Skies, if she went on this journey, she would see it.
Baba had been a collector of stories, a weaver of words. He hadn’t been alive before the Sisters fell, but over the years he had gleaned tales from before the Baransea became dangerous, before the Arz sprang up, rimming the caliphates and obscuring the sea from Arawiya. His stories were the reason Zafira knew so much.
Pieces of Baba were scattered throughout their house—his boots, his favorite cup—because Zafira couldn’t bear to get rid of them. Even after so many years, she was methodical in her cleaning every evening. It unnerved her to see anything out of place, but in the case of Baba’s things, she could only ever run her fingers over their surfaces and gasp away an endless sorrow.
It was her fault. It would always be her fault. If only she had been stronger, better.
When Baba had ambled home from the Arz five years ago—months after his disappearance—the first thing Zafira had noticed was his state. His clothes were torn and tattered, shoulders hunched. By the time she saw the blood and understood the expression on his face, he was already moving for her. Readying to attack the very same daughter he had ventured into the Arz to save.
Moments later, he was dead, killed by—
“Okht?”
Zafira flinched. “Sorry. I’m sorry,” she said to Lana quickly. She tucked the frayed blanket around her sister’s shoulders, stomach clenching at the bones that jutted more sharply than they had one moon ago. “Get some sleep. Umm might start any moment now.”
Her words were followed by a soft keening from Umm’s room. Something propelled Zafira forward—instinct, perhaps—before she remembered Baba’s glassy eyes, blood stretching a horizon across his chest.
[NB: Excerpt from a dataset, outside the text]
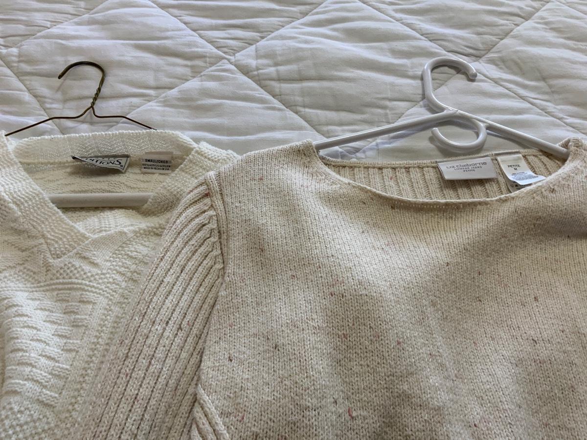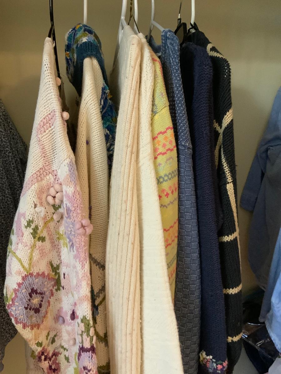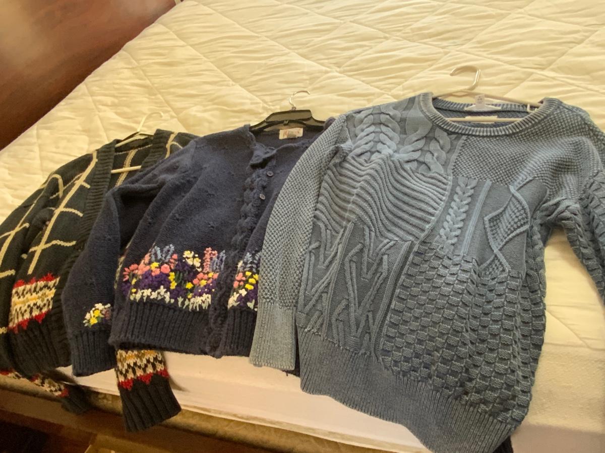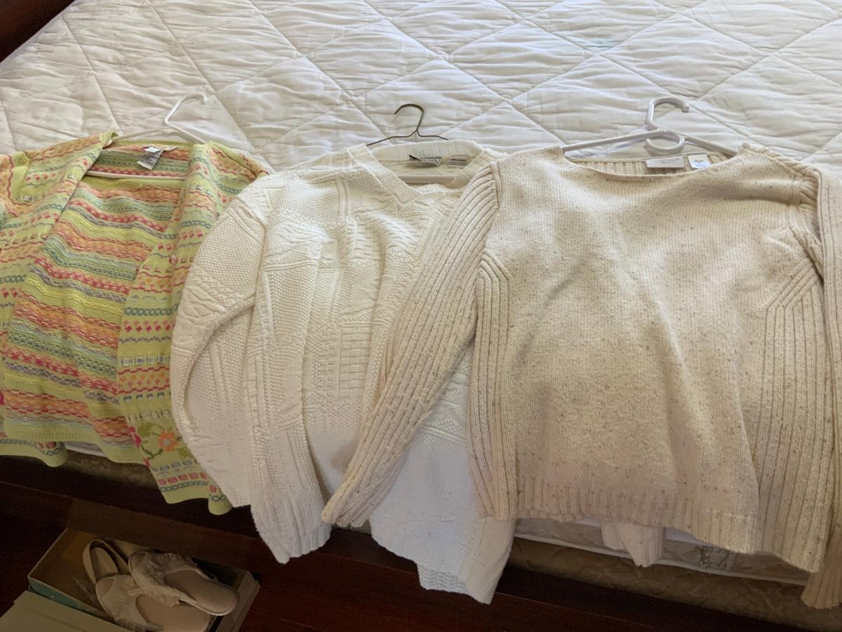 Lot of Quality Ladies Sweaters sizes Small thru Large. Also Petite. Name Brand. Hand knitted by Jennifer Reed, Hunters Run to name a few.

She clenched her teeth and dug in her heels.
“So much for that.” Oblivious, Lana shoved the blanket away with a scrunch of her nose. “Is the trek to Sharr really the day after tomorrow?”
Zafira looked away. “Yes.”
Lana’s disappointment was a fist to her stomach, and she forced herself to meet those eyes. Baba’s eyes, earnest and ancient.
“I’m sorry, Lana.”
“Will you take someone with you?” she asked, and glanced wistfully at the novel tucked under her blanket before adding, “A safi would be a good ally to have on your side.”
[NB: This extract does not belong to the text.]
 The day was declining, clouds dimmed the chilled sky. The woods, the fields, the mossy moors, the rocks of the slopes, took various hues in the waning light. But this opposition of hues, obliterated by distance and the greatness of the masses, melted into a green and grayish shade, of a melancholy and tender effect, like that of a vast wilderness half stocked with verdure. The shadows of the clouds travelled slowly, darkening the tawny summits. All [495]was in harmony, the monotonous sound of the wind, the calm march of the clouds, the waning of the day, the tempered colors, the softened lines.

“I don’t know who’s going. I don’t even know if this is real. But you and I both know that safin don’t care about us.”
The so-called great safin—with their pointed ears, heightened abilities, and endless lives—had abandoned Arawiya when the people needed them most. The caliphates had relied on magic the way a drunk man relied on his glass—except for Alderamin. And now that magic was gone, the safin lived as fine a life as they had before, selfishly hoarding their resources and turning their noses from Arawiya’s suffering.
“Maybe they want to help but can’t,” Lana said. “They have the Wastes on one side and the Arz on the other.”